Domaine Dahlem : la ville à la campagne


Domaine Dahlem : la ville à la campagne

Le Domaine Dahlem est une ferme biologique située en milieu urbain. Comprenant un immense domaine rural, un espace muséal et plusieurs lieux d'exploitation, le complexe déçoit malgré la pertinence de son concept.


La visite du Domaine Dahlem est facultative


L'unification du Grand-Berlin en 1920 rattache à la ville centrale de nombreux bourgs et villages alentours. En gagnant en superficie et en population, la capitale allemande s'octroie également de vastes domaines ruraux et champêtres. Le petit village cossu de Dahlem se trouve ainsi aggloméré à Berlin, entérinant la relation déjà étroite que les deux entités entretenaient depuis un siècle.


En effet, l'ancien domaine royal de Dahlem avait été désigné au siècle précédent pour accueillir un pole scientifique et philosophique de premier ordre. C'est en bordure de foret que l'élite prussienne serait formée dans des académies et des instituts d'un très haut niveau d'enseignement. En conséquence, beaucoup des dignitaires de Berlin vivaient déjà à Dahlem bien avant l'unification urbaine et cela se remarquait aisément aux grandes bâtisses bourgeoises qui encore aujourd'hui caractérisent l'habitat du quartier. Toutefois, même après 1920, l'esprit rural domine encore.


Ce tableau idyllique et conservateur vole en éclat avec les révoltes étudiantes dans les années 1960. Le concept anti-autoritaire s'empare d'un Berlin-Ouest coupé du monde occidental et plusieurs initiatives citoyennes voient le jour. L'une d'entre elles s'approprie une portion du domaine de Dahlem et fonde alors une ferme écologique afin de réconcilier la ville et la campagne. En 2009, le Domaine Dahlem devient partie intégrante de la Fondation des musées d'État de la capitale allemande et accueille à partir de 2015 un musée sur l'alimentation.
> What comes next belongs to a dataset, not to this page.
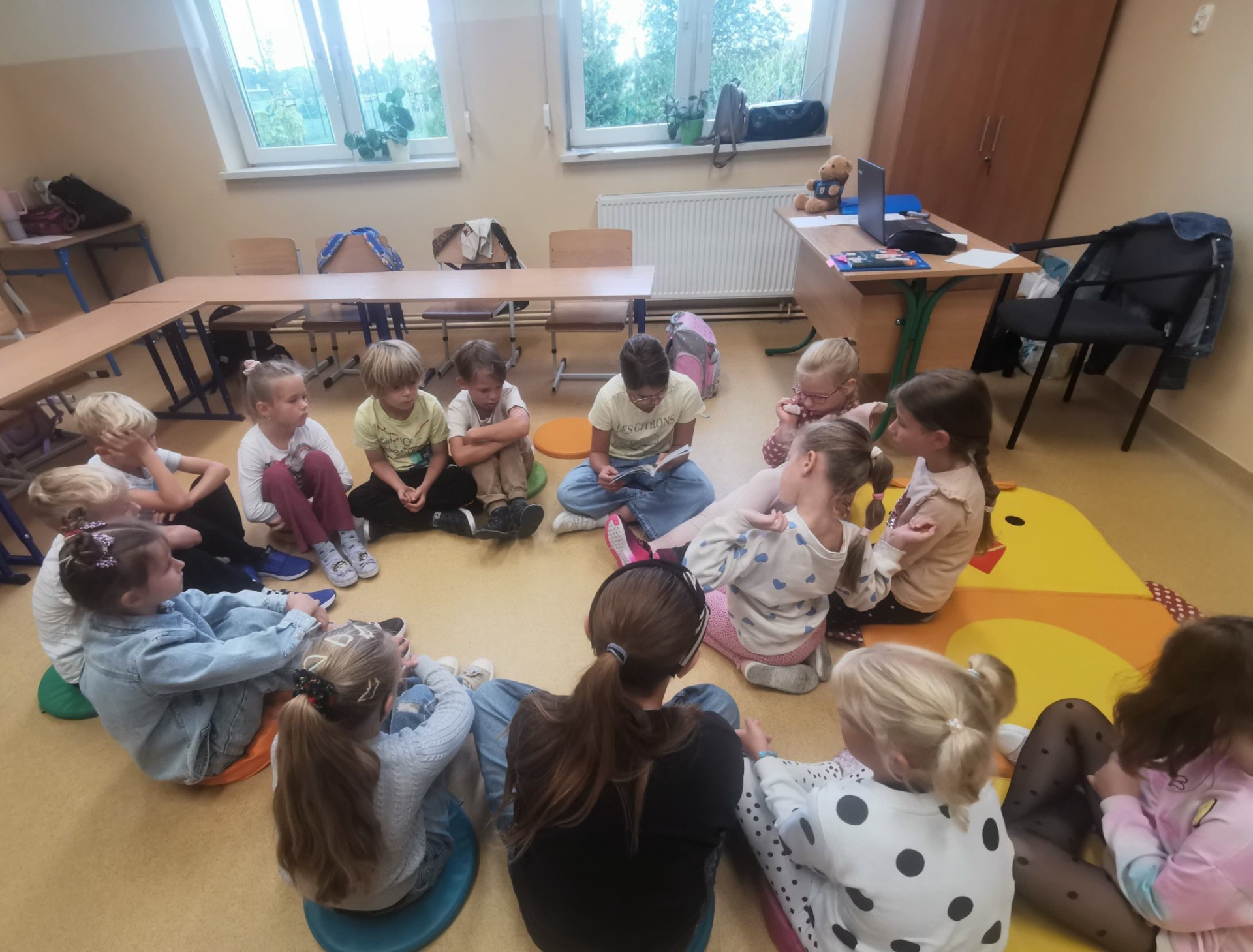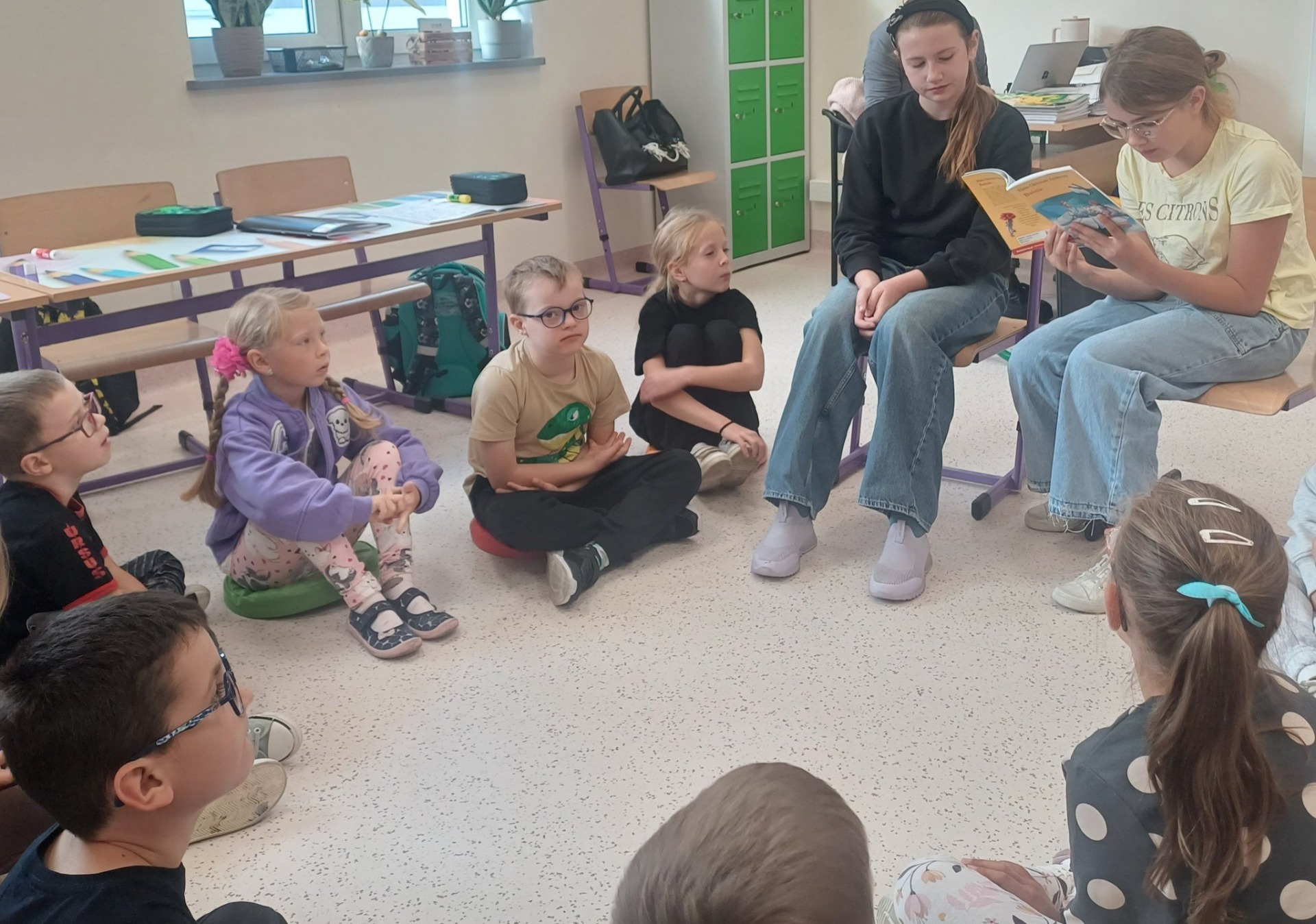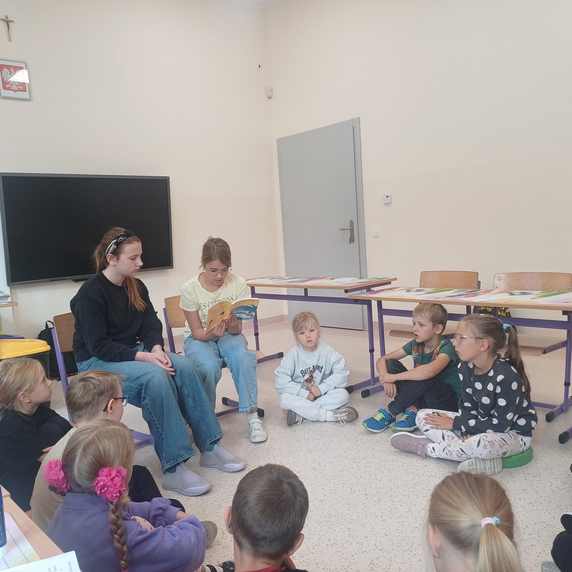 W naszej szkole młodzież z zaangażowaniem wspiera najmłodszych uczniów. Wolontariuszki Ania i Agata z klasy szóstej odwiedzają młodszych kolegów z klasy pierwsze i propagują czytelnictwo.

La place centrale du Domaine Dahlem à Berlin.

Le Domaine Dahlem n'est pas un écomusée


La cour principale de la ferme est le point de départ de la visite et le lieu privilégié pour les festivités organisées ponctuellement au cours de l'année. L'agenda culturel suit les dates saisonnières : le printemps, la moisson, Halloween également, et surtout le marché de Noël. A l'occasion, la place se couvre de stands pour la consommation et l'artisanat. L'accent est mis sur les produits régionaux issus de l'industrie bio. Les attractions sont limitées, tant en qualité qu'en quantité. Néanmoins, l'endroit est pittoresque et charmant.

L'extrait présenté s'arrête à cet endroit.